The output is a word-for-word repeat of the listing below, free of images.

── Collected material

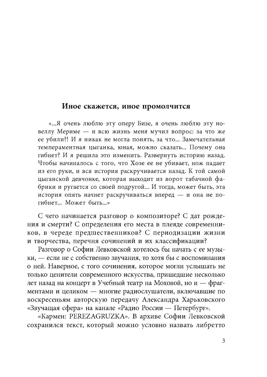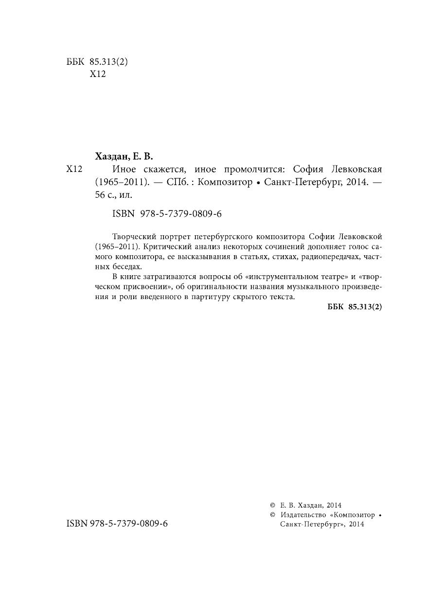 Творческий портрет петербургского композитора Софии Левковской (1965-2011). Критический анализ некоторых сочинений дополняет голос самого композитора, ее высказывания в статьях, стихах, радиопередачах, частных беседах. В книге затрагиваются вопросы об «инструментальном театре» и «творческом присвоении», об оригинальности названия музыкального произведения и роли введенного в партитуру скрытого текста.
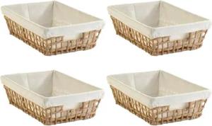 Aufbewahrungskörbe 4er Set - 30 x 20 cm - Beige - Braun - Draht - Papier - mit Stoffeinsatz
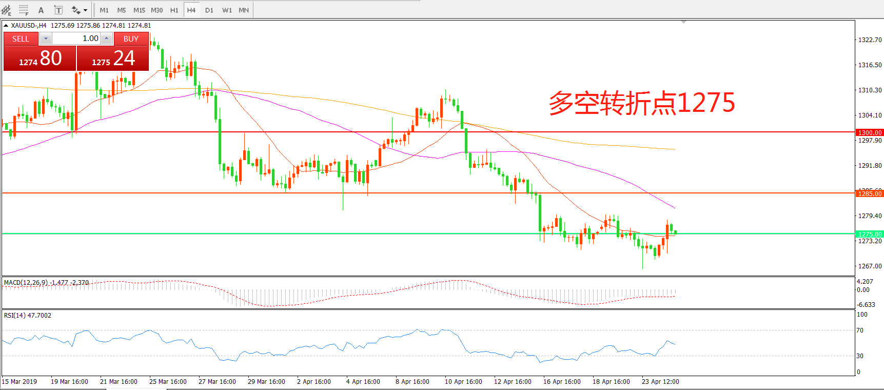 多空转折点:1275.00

────

Solution to this problem:
 Творческий портрет петербургского композитора Софии Левковской (1965-2011). Критический анализ некоторых сочинений дополняет голос самого композитора, ее высказывания в статьях, стихах, радиопередачах, частных беседах. В книге затрагиваются вопросы об «инструментальном театре» и «творческом присвоении», об оригинальности названия музыкального произведения и роли введенного в партитуру скрытого текста.
 Aufbewahrungskörbe 4er Set - 30 x 20 cm - Beige - Braun - Draht - Papier - mit Stoffeinsatz
 多空转折点:1275.00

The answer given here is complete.